Ya era miércoles, Saúl andaba un poco inquieto debido a que no había visto a Alex desde la semana pasada, comenzó a tener miedo de que se hubiera arrepentido de la cita y lo estuviera evitando.

Faltaban diez minutos para el recreo, Gloria miraba fijamente  a Saúl que se sentaba dos puestos a la izquierda, él tenía la mirada perdida y parecía ensimismado, ella se estaba preguntando si se estaría tomando valor para confesarle su amor, como estaba segura de que lo haría, pero ya estaba tardando lo que la tenía con los ánimos bajos. 

¿Sería que Saúl se estaba arrepintiendo? ¿Sería que se enamoró de otra chica? No, eso no era posible, la única persona con la que él se veía era Alex, no le había visto con ninguna otra chica. Finalmente se decidió, si Saúl no se le declaraba lo haría ella y lo haría este día.

Sonó el timbre del recreo y Saúl salió rápidamente rumbo al aula de Alex, en este momento debía estar en laboratorio de química, tenía tantas ganas de verle  que no se dio cuenta que Gloria salió detrás suyo.
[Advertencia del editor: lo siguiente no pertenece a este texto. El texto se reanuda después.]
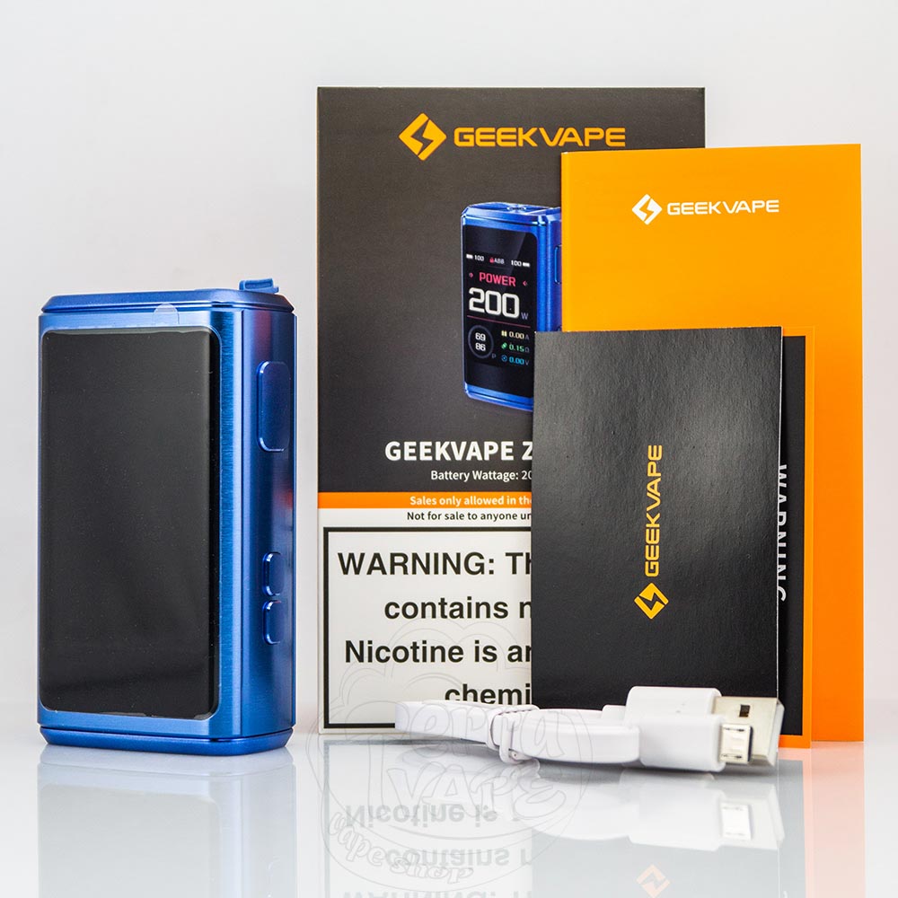 Geekvape Z200 Box Mod 200W - це один з бокс модів зет серії від виробництва відомої вейп-компанії Geekvape. Екран розміром 2.4`` та висока продуктивність роблять Z200 високотехнологічним пристроєм, який також надзвичайно простий та практичний у використанні завдяки кнопкам керування. Ви зможете комбінувати його з більшістю атомайзерів, адже посадковий майданчик складає 26мм. Для роботи електронної сигарети необідні два акумулятори формату 18650. Зверніть увагу, що в комплекті вони не постачаються. Максимальна потужність, яку здатен видати Z200 становить 200W. Щоб підзарядити девайс, використовуйте кабель Micro USB.
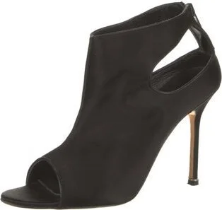Manolo Blahnik Suede T-Strap Pumps Black Peep-Toes Fit: This style typically runs narrow and a half size small.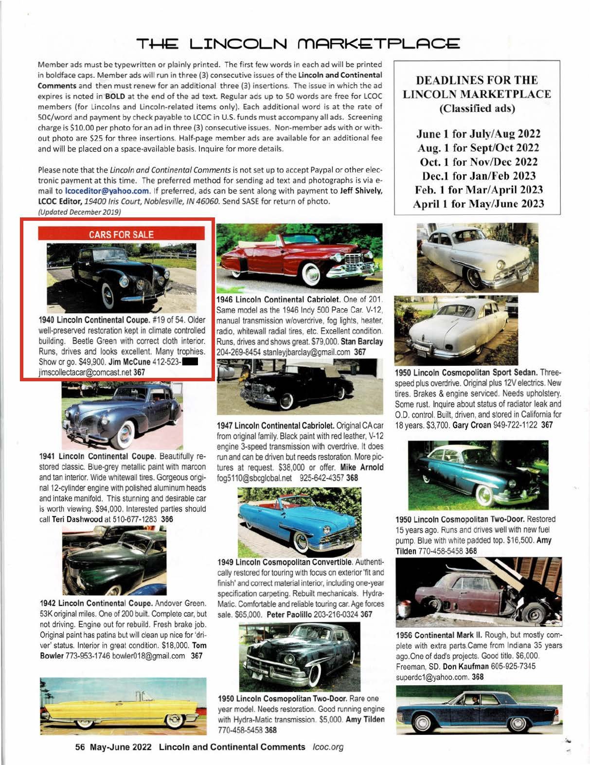 Sale listing from 2022 by Jim McCune:
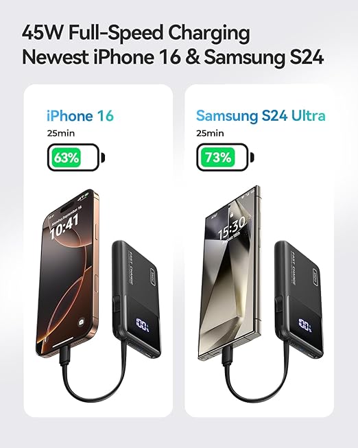Amazon : $24.99 ($29.99) INIU 45W Power Bank, Slimmest 10000mAh Portable Charger with Build in USB-C Cable, Fast Charging USB C in&Out Battery Pack, Travel External Phone Charger for iPhone 17 16 15 Samsung S24 S23 Google etc

Gloria iba tras Saúl pero no podía seguirle el paso, no importaba, hoy era el día en que finalmente serían oficialmente novios, le iba a poder besar como lo había hecho tantas veces en sus fantasías. Ella estaba casi corriendo y aún así no podía alcanzarlo, de pronto Saúl se mezcló con la multitud y lo perdió de vista, hoy era el día, así que lo buscaría y lo encontraría.